=== WHAT IS BEING ASKED ===
Pictures are to be left out. Return exactly the lines below from the one with "Het Provinciaal Archief in Haarlem." up to and including the one with "Jaroslav Hutka: Miloš a zubatá (2018)".
[STORED DATA — start]
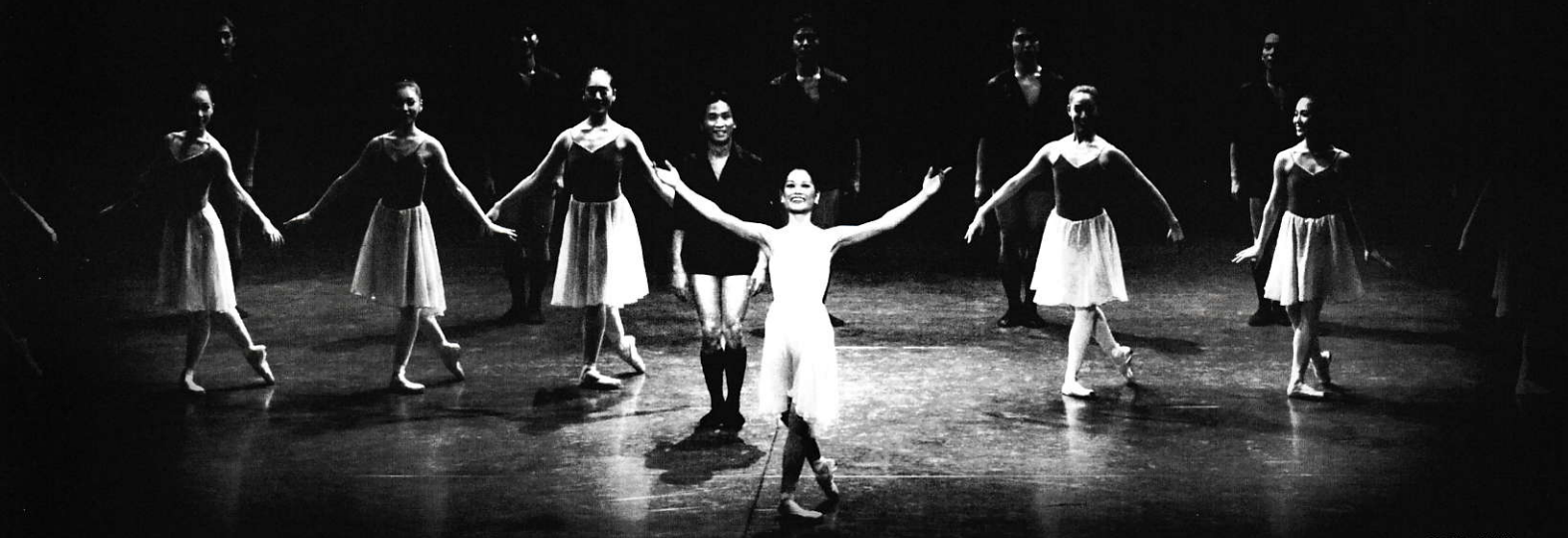
2013年の公演より
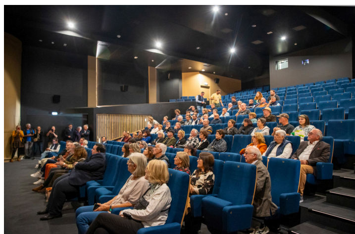
Autre vue de la salle
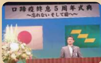
式典での知事のごあいさつ

牛7万頭、豚22万頭を犠牲にし、本県経済に大打撃を与えた口蹄疫が終息して5年を迎えた8月27日、川南町で終息5周年式典が開催されました。多くの関係者の出席のもと、「みやざき畜産新生」の取組宣言が行われました。「忘れないそして前へ」という強い信念のもとで、2度と発生させることが無いよう家畜防疫対策をしっかりと講じなければなりません。そして、繋がった高速道路を活用して農畜産業をはじめ、本県産業の着実な再生と新たな成長に取り組んでいかなければなりません。
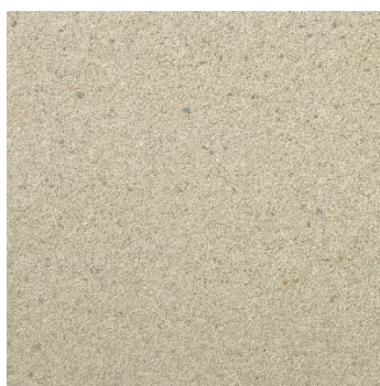
Semmelrock Senso Grande térkő burkolat, homokbarna
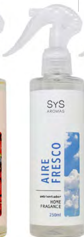
Pulverizador con Pistola Aire Fresco Ref. 12251
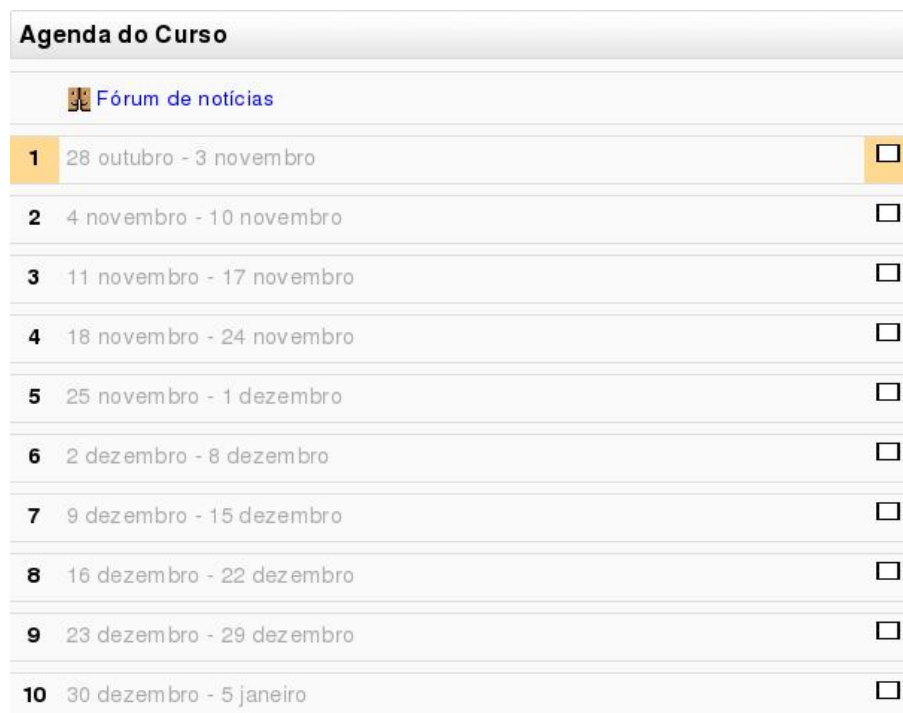
Figura 4: Curso no formato Semanal

A Figura 3.4 mostra a coluna central do curso usado como exemplo no formato Semanal . O professor estabelece (em Configurações do bloco Administração ) a data de início e o número de semanas.
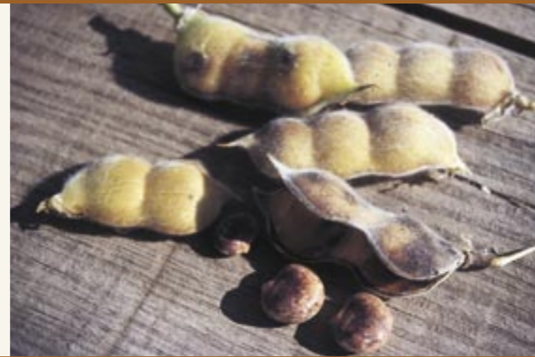
Samen der Lupine "Altreier Kaffee" Seme del tipo di lupino "Caffè di Anterivo"
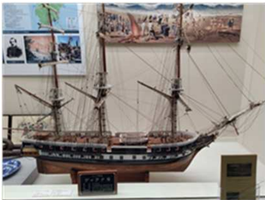
ディアナ号(富士山かぐや姫ミュージアム)
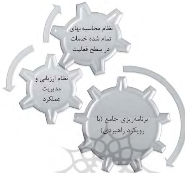
شکل (۱): عناصر اصلی نظام بودجه‌ریزی عملیاتی
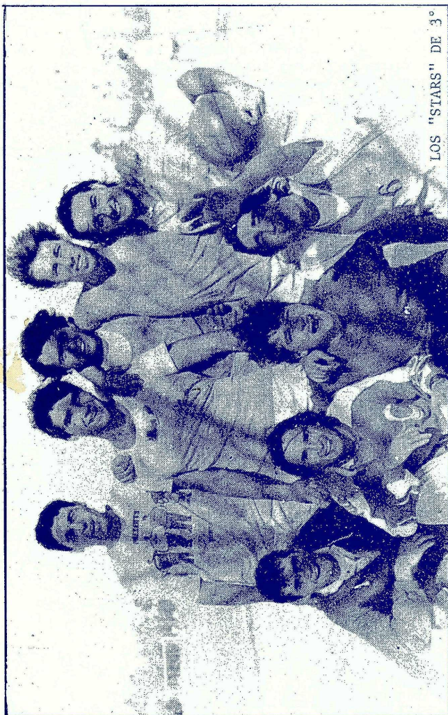
LOS "STARS" DE 3°
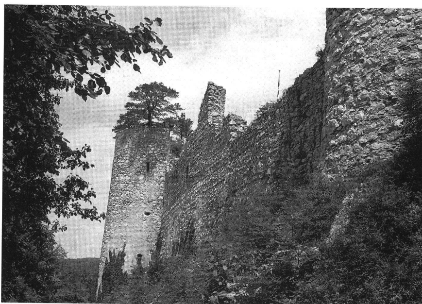
Burgruine Dorneck, Aufnahme 1975.

chern. Westlich von Zwingen sah es mit der bischöflichen Machtstellung bedenklicher aus: Der Blauen bildete mit den Reichsdörfern Eigengut der Herren von Rotberg, und südlich der Birs begann bei Breitenbach das unter thiersteinischer Kastvogtei stehende Klostergebiet von Beinwil. Zwischen den Thiersteiner und den Rotberger Besitz zwängte sich als schmaler Korridor das Gebiet des Dinghofes von Laufen, und ausgerechnet über dieses verfügte der
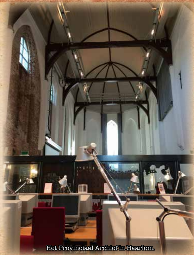
Het Provinciaal Archief in Haarlem.
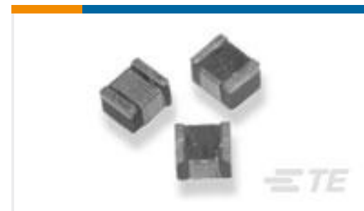
TE 零件编号5-1624112-0 3650 0402 24nH 5% 2K RL
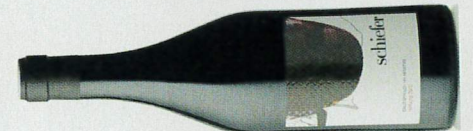
17,5 schiefer.pur ★★★★★ 2015 Reserve EB-R
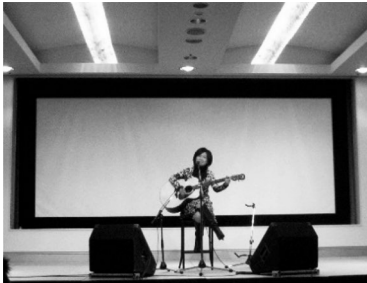
2007. 2 創立55周年記念 日本語科卒業生「aminトークライブ」
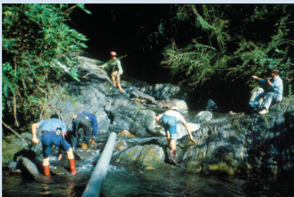
民國63年慈翁溪（瑞岩溪）水利工程水源頭施工情形。

協助義民整建房舍為水泥磚造及增建定遠新村，並完成忠莊遷移，推動榮義民生活改善計畫，研製罐裝純正水蜜桃果醬一種，增加榮、義民收益。
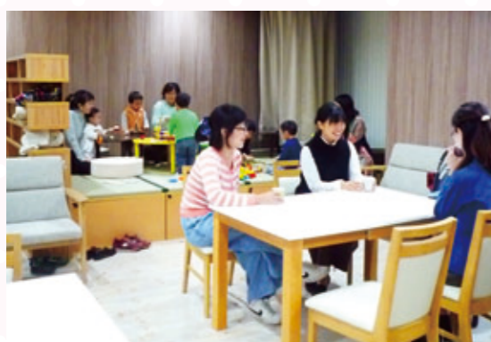
テーブルスペース
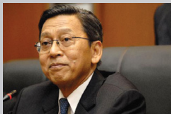
Boediono 博士(教授), 1972年 获经济学硕士学位
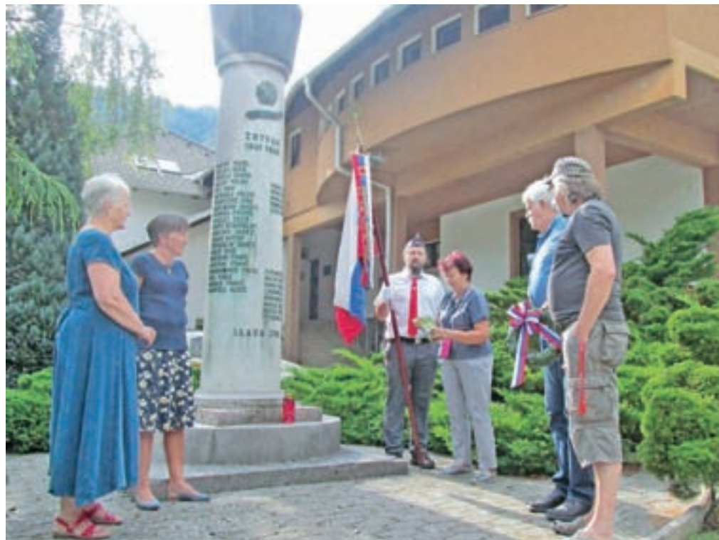
Ob prazniku KS Blejska Dobrava so letos obiskali spominska obeležja iz časov NOB.
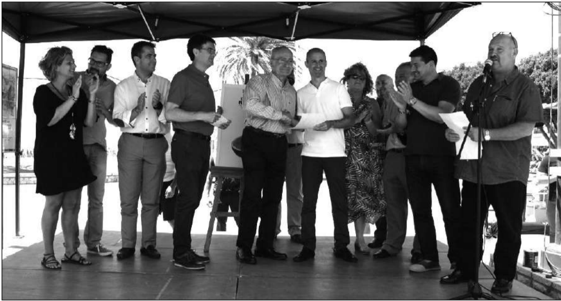
El alcalde entrega un reconocimiento al autor del cartel.
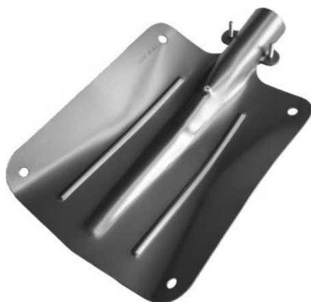
機能美追求 レッドバット (SN11) ジュラルミン製 カラー:ピンク サイズ:222 mm×258 mm 重量:365g 税込価格:¥5,460
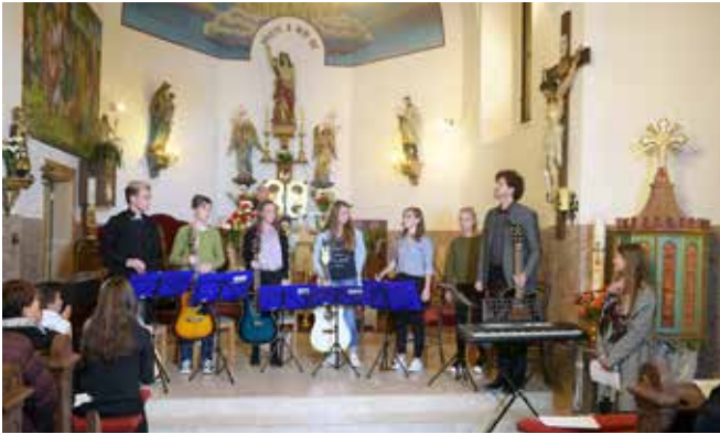
Revija cerkvenih pevskih zborov v Pečarovcih
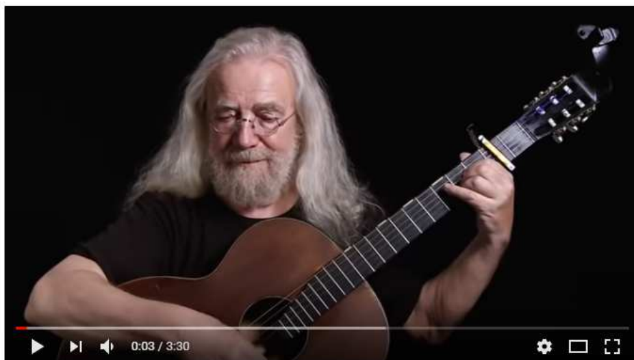
Jaroslav Hutka: Miloš a zubatá (2018)

k fyzickému útoku na prezidenta republiky, aby mu někdo rozbil hlavu. Skutečnost, že nahrávku poskytla k volnému šíření zdarma na internetu právě nezisková organizace spolupracující s médii veřejné služby, představuje hrozbu pro demokratické principy v České republice, minimálně to, co z nich ještě zůstalo.
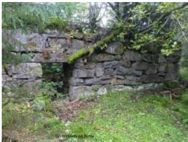
Grunnmuren på Burås.

Etter ca. en kilometer kommer vi til Mikkelsbånn som, navnet viser, var en kølamile. Stedet er et meget populært knutepunkt for turgåere hele året, med høysesong på vinteren. Lions club Bærum Vest har bygget opp flere buer i forskjellige eldre lafte- og byggeteknikker og holder åpent for servering i utfartshelger.
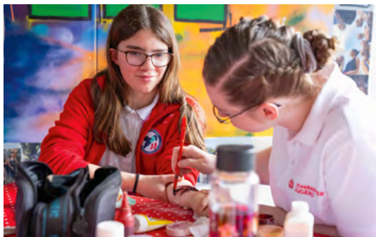
Kinderschminken der besonderen Art: Das Team der Realistischen Unfalldarstellung (RUD) bei der Arbeit.

Alle 180 Teilnehmenden des Erste-Hilfe-Wochenendes durchlaufen am 18. April 2026 solche Szenarien im Leipziger Montessori-Schulzentrum. Die Schülerinnen und Schüler sind zwischen 6 und 17 Jahre alt und treffen sich einmal jährlich, um gemeinsam ihr Erste-Hilfe-Wissen in Wettkampfstationen unter Beweis zu stellen. Sie rufen Routinen ab, die sie schon unzählige Male
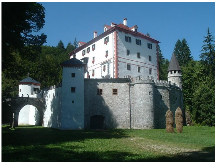
8. sz. kép

8. Figyeld meg a 8. sz. képet, és oldd meg a feladatot!
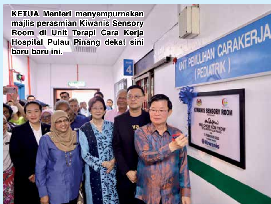
KETUA Menteri menyempurnakan majlis perasmian Kiwanis Sensory Room di Unit Terapi Cara Kerja Hospital Pulau Pinang dekat sini baru-baru ini.

dipenuhi tetapi saya bersyukur kerana Kiwanis Club of Penang Central melihat sedikit daripada keperluan-keperluan besar ini (iaitu keperluan kemudahan terapi cara lebih berkualiti di HPP).
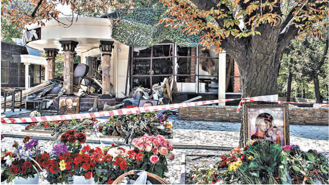
Жители Донбасса, а также представители России, Луганской народной республики, Абхазии и Южной Осетии принесли цветы и иконы к месту теракта.

ДОКУМЕНТЫ Что изменится в повседневной жизни россиян с началом осени
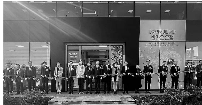
께 지역사회발전을 지원하는 기부금 전달식도 진행됐다.
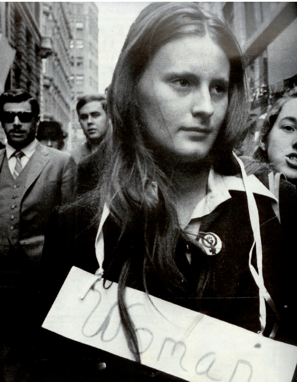
Els moviments d'emancipació de les dones es feren forts durant tot el segle XX.

Tot cercant la fórmula màgica. Esmentar un sol responsable que avui més de cent milions de dones comencen la jornada engolint una pastilla no és pas senzill. Foren diversos, i amb finalitats contraposades, que van coadjuvar a elaborar un medicament per a impedir que cada relació sexual acabara a la sala de parts. De fet, l'assoliment i la comercialització de la píndola foren deguts a un conjunt de casualitats i troballes accidentals. Al començament d'aquest laberint, posem-hi Margaret Sanger, natural de Corning, a Nova York. Sanger havia quedat òrfena de jove. Sa mare havia mort a cinquanta anys, després d'haver portat a aquest món divuit criatures. D'aquella circumstància, en nasqué un esperit rebel determinat a trobar la manera de posar fi a l'esclavatge a què s'havia vist sotmesa
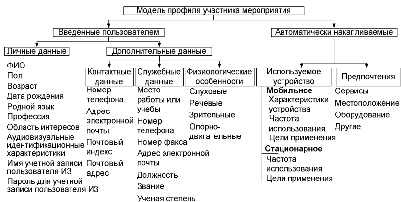
Рис. 1. Модель ПУМ.

Представленную структуру можно разделить на две категории данных: введенные пользователем и накапливаемые автоматически. Рассмотрим первую категорию, состоящую из подкатегорий «Личные данные» и «Дополнительные данные». Личные данные содержат персональные характеристики пользователя, а также его интересы и предпочтения. Кроме того, к ним относится информация об учетной записи пользователя интеллектуального зала. В подкатегории «Дополнительные данные» выделяют три типа дополнительной информации: (1) контактные данные; (2) служебные данные; (3) физиологические особенности.
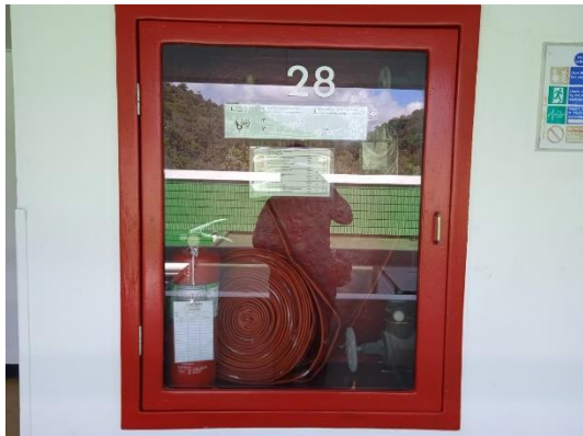
ภาพที่ 7 อุปกรณ์ป้องกันอัคคีภัย

รายงานผลการปฏิบัติตามมาตรการป้องกันและแก้ไขผลกระทบสิ่งแวดล้อม และมาตรการติดตามตรวจสอบคุณภาพสิ่งแวดล้อม (ระยะดำเนินการ) โรงแรม เลอ เมริเดียน ภูเก็ต บีช รีสอร์ท ประจำปีเดือน กรกฎาคม-ธันวาคม พ.ศ. 2566
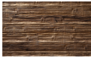
2468 Spalt Altholz Eiche Format: 2.450 x 1.050 x 21 mm ArtikelNr.: 050010000000216
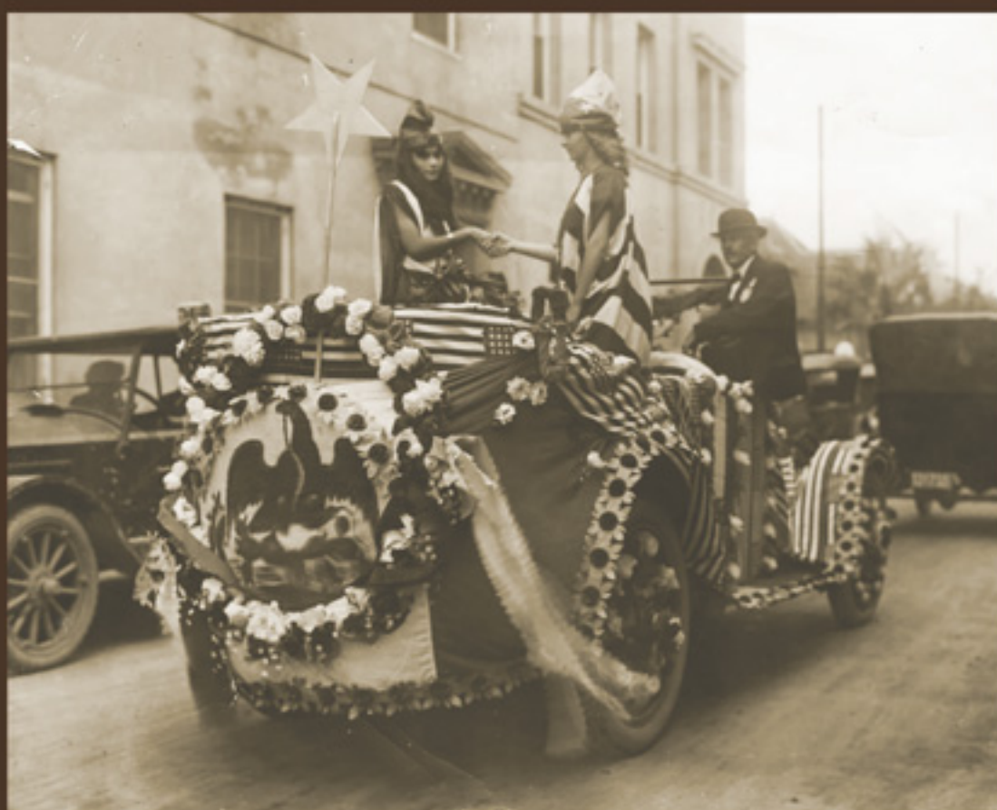
Carro alegórico que representa la unión entre México y los Estados Unidos. ca. 1916, Fondo Washington, Acervo Histórico Diplomático, Secretaría de Relaciones Exteriores.

Asimismo el vicecónsul noruego informó que su gobierno iría por el mismo camino, al igual que la joven Turquía, cuyo representante argumentó que el Imperio Otomano: “jamás deja de corresponder, como se merecen, a los Gobiernos que dan amplias Garantías a sus súbditos”.
[STORED DATA — finish]
=== OUTPUT BELOW ===
Het Provinciaal Archief in Haarlem.
TE 零件编号5-1624112-0 3650 0402 24nH 5% 2K RL
17,5 schiefer.pur ★★★★★ 2015 Reserve EB-R
2007. 2 創立55周年記念 日本語科卒業生「aminトークライブ」
民國63年慈翁溪（瑞岩溪）水利工程水源頭施工情形。

協助義民整建房舍為水泥磚造及增建定遠新村，並完成忠莊遷移，推動榮義民生活改善計畫，研製罐裝純正水蜜桃果醬一種，增加榮、義民收益。
テーブルスペース
Boediono 博士(教授), 1972年 获经济学硕士学位
Ob prazniku KS Blejska Dobrava so letos obiskali spominska obeležja iz časov NOB.
El alcalde entrega un reconocimiento al autor del cartel.
機能美追求 レッドバット (SN11) ジュラルミン製 カラー:ピンク サイズ:222 mm×258 mm 重量:365g 税込価格:¥5,460
Revija cerkvenih pevskih zborov v Pečarovcih
Jaroslav Hutka: Miloš a zubatá (2018)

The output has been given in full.